Google’s main competitors;

  • Amazon
  • Facebook
  • Bing
  • Yahoo

To the average consumer, Google might seem like such a behemoth in search and advertising that no other company can come close to their capabilities. However, firms like Facebook and Amazon are already eating away at the profits in advertising areas. Facebook has gained significant ground in online video advertising, and their share of global ad revenue has increased to being right behind Google’s. Additionally, Facebook recently opened up its mobile advertising platform which was originally only available to app publishers to all advertisers wishing to target users across multiple devices

Google is well aware of Amazon as the biggest potential competitor in the long-term. Google’s Executive Chairman Eric Schmidt is on the record as saying, “Many people think our main competition is Bing or Yahoo, but, really, our biggest search competitor is Amazon.” In many ways Google could be seen as a middle-man, and left out in the cold when consumers are simply searching for the sake of purchasing on the e-commerce platform, and although the companies certainly have different visions, Amazon provides a challenge for Google to overcome if they want to stay at the top.

European regulators putting on the squeeze
Europe is not appreciative of the business operations of Google, charging the company with anti-trust practices by favouring its own web properties in search results over its rivals. The EU accused Google of directing e-commerce consumers away from rivals such as Yelp and towards their own sites to the detriment of the visitor. The impact of these allegations may have a ripple effect. Not only will Google most likely be forced to change its search algorithms and tactics, but these anti-trust accusations could filter down to other aspects of their business operations. Even though the US did not label Google a monopoly, they still found the company guilty of abusing monopoly-like powers to influence consumers.

Targeting takeovers?
Recent rumours have spread that Google may be looking in to buying social media powerhouse Twitter. It is no surprise that Google has been looking to beef up its social media presence, and buying Twitter would have a major immediate impact. Twitter has even recently opened up some of its advertising to Google, where advertisers will now be able to buy sponsored tweets through Google’s ad exchange. The deal does not seem implausible either. Twitter has had trouble growing its user-base and could benefit from the massive reach of Google, while the search engine giant would get a boost to its social media endeavours.

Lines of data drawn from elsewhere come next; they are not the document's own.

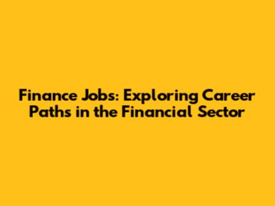 Finance Jobs: Exploring Career Paths In The Financial Sector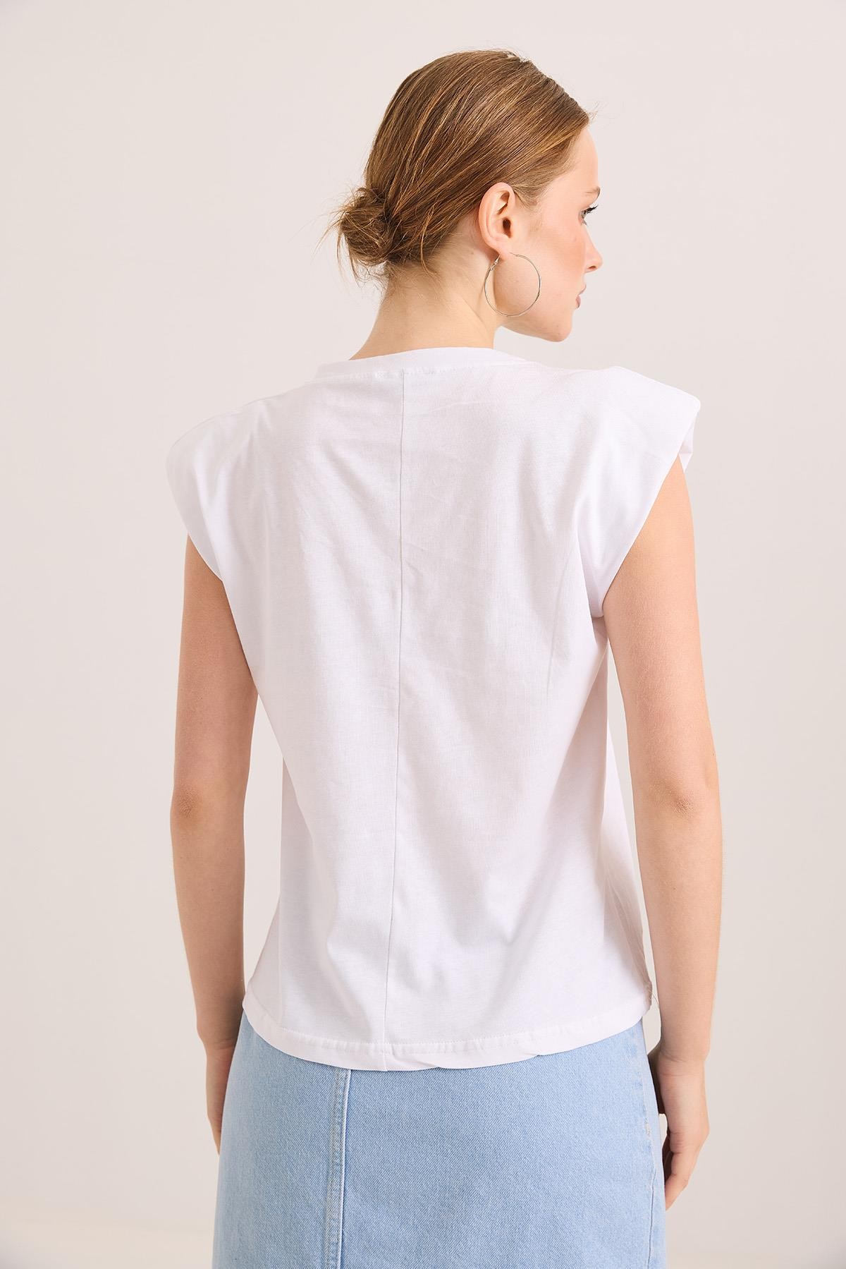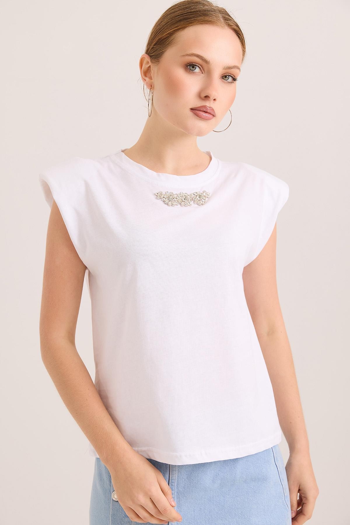 Omuz Vatkalı Şık Aksesuar Detaylı Pamuk Örme Tshirt Beyaz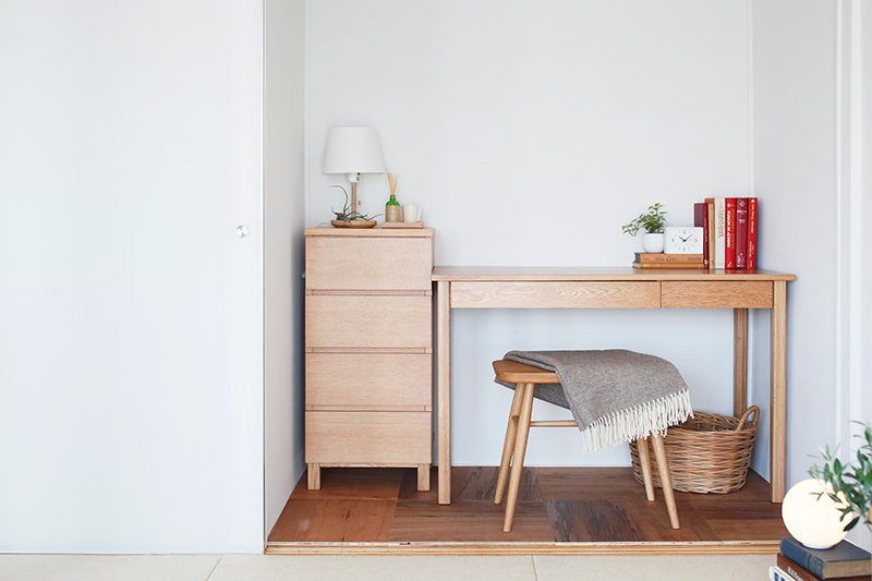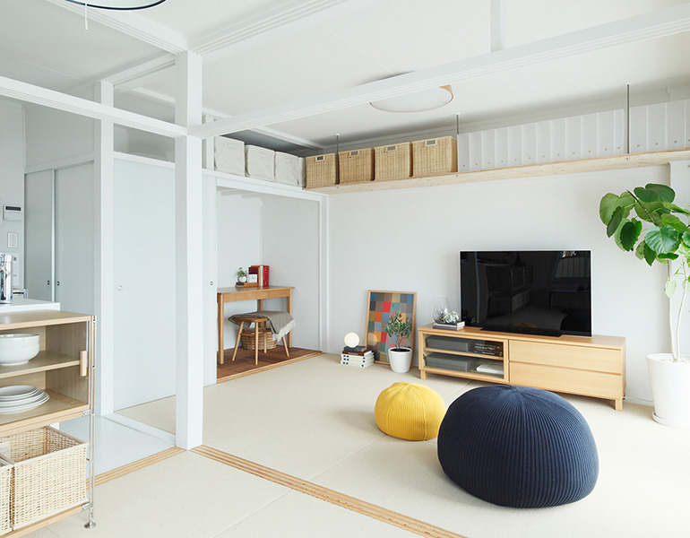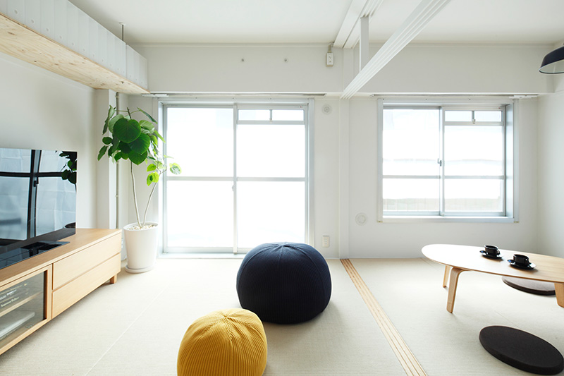部屋のほとんどの部分の床を、やわらかな風合いの麻畳で覆いました。家具を置いて洋室のように使うこともできます。

Google (GOOG) price chartCurrent valuation
Google currently trades at a around 25 times current earnings, which compared to previously mentioned competitors Facebook [FB] and Amazon [AMZN] (who has yet to even turn any profit for shareholders), is quite cheap. They are also the industry behemoth, with a market cap over $350b and growing. Taking a look at a year-to-date chart of the stock (right), it seems to be trading in a channel in between $500 and $570 over the past several months, with the channel pointing in an upward trend, however the upper end of that range begins to approach its 52-week high close to $600. As it stands, trades are coming a fair amount below the 50 and 200 day moving averages, a possible indication of the stock being undervalued.

Bottom Line
Google isn’t going anywhere, and may continue to expand its reach even further than it already has. The most recent quarter of missed earnings don’t seem too concerning, and may have only been a result of an extremely strong US dollar. However, it faces tough competition from the likes of Amazon and Facebook who are attempting to take market share and carve out their own piece of the pie, and from regulators who don’t appreciate their stealthy attempts to sway consumer activity to their advantage. The current stock price is certainly not overvalued and may have room to run in the coming year. However, if regulation and competition concerns are not settled, we may see Google continue to trade in this range in the near future.